Questions about construction of Lebesgue measure in Rudin's RCA

Question

I have questions about the construction of Lebesgue measure in Rudin's RCA (Theorem 2.20).

1. On pg52, Rudin defines $\lambda(E) = m(E+x)$ for measurable $E$ and says that $\lambda$ is a measure. But, why is $E+x$ measurable?
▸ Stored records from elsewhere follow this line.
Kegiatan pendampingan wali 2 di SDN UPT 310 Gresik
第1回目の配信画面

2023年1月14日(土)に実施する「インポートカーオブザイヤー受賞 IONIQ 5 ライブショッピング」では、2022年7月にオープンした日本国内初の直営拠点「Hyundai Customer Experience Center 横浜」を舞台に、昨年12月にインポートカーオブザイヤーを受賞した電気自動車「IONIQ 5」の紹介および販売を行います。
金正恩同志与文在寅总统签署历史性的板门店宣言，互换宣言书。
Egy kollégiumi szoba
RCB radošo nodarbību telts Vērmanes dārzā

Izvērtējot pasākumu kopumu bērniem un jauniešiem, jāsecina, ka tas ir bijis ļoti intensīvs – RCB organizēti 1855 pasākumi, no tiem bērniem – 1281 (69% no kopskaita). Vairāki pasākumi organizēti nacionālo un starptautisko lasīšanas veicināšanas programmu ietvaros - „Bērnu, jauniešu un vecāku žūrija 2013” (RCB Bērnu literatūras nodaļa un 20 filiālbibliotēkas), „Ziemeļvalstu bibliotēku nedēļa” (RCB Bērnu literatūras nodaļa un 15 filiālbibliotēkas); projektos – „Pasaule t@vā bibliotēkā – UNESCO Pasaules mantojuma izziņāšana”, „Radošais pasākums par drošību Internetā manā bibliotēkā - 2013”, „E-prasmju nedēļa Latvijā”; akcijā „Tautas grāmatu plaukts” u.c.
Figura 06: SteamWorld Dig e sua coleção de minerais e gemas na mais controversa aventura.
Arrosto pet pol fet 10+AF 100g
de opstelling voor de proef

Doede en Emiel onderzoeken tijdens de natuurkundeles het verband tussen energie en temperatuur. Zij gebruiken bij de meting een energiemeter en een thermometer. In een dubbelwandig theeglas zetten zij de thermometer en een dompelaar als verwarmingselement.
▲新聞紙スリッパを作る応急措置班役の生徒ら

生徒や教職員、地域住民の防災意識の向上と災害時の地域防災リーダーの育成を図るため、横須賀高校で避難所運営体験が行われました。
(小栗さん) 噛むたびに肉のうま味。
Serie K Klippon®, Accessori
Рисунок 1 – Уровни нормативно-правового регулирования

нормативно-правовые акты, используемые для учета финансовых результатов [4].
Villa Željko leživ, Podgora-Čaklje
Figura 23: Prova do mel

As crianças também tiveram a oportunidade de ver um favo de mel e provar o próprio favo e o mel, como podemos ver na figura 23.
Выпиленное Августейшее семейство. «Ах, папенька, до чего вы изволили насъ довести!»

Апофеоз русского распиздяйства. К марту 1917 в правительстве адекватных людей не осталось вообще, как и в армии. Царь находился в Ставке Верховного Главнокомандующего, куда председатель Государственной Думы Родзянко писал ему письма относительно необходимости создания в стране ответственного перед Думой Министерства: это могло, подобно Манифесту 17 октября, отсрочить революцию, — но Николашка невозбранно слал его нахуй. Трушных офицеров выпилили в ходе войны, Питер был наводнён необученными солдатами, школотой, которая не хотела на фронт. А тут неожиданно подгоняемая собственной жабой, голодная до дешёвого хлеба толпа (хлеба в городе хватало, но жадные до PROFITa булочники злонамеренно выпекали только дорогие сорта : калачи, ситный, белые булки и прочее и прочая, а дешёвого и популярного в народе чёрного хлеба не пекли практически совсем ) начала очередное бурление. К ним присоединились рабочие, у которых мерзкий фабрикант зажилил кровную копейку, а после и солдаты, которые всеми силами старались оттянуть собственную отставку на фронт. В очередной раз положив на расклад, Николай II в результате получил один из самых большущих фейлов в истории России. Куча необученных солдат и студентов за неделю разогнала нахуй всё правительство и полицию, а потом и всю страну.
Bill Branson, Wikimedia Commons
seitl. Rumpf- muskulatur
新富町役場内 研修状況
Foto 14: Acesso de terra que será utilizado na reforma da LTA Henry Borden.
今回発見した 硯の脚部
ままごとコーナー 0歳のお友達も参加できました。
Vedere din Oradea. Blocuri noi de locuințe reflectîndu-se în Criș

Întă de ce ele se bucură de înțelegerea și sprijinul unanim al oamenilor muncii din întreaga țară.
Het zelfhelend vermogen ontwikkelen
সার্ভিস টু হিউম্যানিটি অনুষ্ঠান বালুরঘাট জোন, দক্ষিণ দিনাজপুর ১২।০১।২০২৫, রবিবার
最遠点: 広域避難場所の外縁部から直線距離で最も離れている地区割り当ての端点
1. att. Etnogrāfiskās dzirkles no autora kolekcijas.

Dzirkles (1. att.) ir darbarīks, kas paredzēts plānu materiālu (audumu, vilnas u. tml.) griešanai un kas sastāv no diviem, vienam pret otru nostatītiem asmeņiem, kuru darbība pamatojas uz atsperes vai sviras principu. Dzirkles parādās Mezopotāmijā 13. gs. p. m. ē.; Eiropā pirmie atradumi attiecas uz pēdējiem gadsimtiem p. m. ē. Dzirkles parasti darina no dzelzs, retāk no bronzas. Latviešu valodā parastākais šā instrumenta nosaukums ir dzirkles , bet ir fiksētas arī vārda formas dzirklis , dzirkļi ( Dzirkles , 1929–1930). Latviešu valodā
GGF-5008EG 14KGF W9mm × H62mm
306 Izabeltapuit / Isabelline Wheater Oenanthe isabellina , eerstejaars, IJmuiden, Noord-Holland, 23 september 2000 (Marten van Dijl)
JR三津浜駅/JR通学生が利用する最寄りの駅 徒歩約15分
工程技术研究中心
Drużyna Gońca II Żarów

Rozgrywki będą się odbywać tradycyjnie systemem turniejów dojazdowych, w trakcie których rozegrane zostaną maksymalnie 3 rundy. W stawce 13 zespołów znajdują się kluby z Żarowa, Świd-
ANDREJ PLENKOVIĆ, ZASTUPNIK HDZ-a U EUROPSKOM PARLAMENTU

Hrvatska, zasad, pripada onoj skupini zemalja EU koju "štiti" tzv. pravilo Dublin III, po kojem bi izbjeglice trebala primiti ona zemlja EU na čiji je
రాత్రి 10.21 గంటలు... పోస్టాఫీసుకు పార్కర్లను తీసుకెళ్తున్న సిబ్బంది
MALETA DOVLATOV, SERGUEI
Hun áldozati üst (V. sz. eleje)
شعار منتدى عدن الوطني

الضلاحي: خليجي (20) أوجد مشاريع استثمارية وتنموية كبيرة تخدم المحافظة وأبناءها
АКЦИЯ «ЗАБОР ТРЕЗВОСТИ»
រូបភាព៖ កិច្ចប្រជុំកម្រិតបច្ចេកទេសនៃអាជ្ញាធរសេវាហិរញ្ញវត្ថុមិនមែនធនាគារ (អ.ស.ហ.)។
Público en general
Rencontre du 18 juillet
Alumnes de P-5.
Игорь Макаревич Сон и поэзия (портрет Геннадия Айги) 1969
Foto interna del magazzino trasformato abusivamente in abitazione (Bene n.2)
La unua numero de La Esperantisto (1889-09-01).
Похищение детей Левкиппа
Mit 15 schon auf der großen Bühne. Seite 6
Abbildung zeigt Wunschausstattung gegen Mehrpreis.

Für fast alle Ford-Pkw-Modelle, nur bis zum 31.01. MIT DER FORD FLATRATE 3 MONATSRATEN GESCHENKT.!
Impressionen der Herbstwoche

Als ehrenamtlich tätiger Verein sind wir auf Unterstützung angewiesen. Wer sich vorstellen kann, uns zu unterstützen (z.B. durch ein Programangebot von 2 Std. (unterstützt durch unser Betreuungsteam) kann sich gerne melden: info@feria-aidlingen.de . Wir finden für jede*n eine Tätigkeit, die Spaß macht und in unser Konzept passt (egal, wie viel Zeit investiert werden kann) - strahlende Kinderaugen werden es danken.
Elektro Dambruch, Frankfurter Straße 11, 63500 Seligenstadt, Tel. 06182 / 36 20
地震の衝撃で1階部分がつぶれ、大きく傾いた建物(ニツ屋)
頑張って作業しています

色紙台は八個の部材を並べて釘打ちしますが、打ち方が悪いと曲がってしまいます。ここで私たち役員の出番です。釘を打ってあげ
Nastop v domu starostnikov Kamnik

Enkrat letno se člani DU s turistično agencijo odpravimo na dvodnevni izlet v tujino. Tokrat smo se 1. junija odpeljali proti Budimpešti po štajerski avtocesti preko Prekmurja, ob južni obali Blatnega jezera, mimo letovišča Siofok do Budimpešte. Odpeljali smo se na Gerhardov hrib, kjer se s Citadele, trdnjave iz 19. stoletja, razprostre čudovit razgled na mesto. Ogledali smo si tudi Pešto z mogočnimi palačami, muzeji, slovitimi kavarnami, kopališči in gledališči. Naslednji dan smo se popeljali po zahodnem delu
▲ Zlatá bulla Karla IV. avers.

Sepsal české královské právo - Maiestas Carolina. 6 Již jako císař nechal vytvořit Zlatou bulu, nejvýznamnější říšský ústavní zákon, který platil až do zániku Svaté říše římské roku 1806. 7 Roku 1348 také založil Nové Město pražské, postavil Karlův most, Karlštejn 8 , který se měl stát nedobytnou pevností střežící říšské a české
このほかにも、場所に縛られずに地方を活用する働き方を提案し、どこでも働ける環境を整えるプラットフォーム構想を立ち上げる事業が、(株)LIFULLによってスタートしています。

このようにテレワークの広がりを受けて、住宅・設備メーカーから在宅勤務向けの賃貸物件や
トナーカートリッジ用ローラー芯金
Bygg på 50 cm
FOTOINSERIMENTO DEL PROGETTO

2. In the same paragraph on pg 52, Rudin first shows $\lambda(E) = m(E)$ for all boxes, then using the observation he makes in the preceding paragraph, he shows $m(E+x) = m(E)$ for all Borel sets $E$, then finally he says the same equality holds for every measurable $E$, by using 2.20(b). But, can't I make the same conclusion without using 2.20(b)? Theorem 2.18 shows the regularity $\lambda$ and $m$, so the conclusion holds immediately. Doesn't it?

Answer 1

1. There are many ways to show this. Suppose $E$ is measurable, then by that we mean there exists $A\subset E \subset B$, such that $B$ is a $G_\delta$ set and $A$ is an $F_\sigma$ set,and $m (B \setminus A) = 0$. Now, denote $K_x=K+x$ for any set $K$. We notice $B_x \setminus A_x = (B\setminus A)_x$. We would like to show $m (B_x \setminus A_x) =0$, and it's enough to show that translation maps null sets to null sets. Let $N$ be a null set, then we notice that for any cover $\{ B_n^{\epsilon} \} $ of open cubes (or dyadic, or closed...), such that $m( \bigcup B_n ^{\epsilon}) < \epsilon$. By Taking finite unions and intersections we may take disjoint cubes. Now; The collection $\{ (B_n ^\epsilon)_x \}$ is a cover of $N_x$ with the measure (or volume, since we're talking about cubes). This is easy to show, each cube in the collection retains its volume.Now, because $\epsilon$ is arbitrary - $N_x$ is null set.
2. The corollary of 2.18 is relevant to Borel measures, meaning, this is true for any set $F$ in the Borel collection, but the Lebesgue collection is larger, and at first sight it is unclear if a completion of a regular measure is still regular (with respect to the, perhaps, greater collection of sets).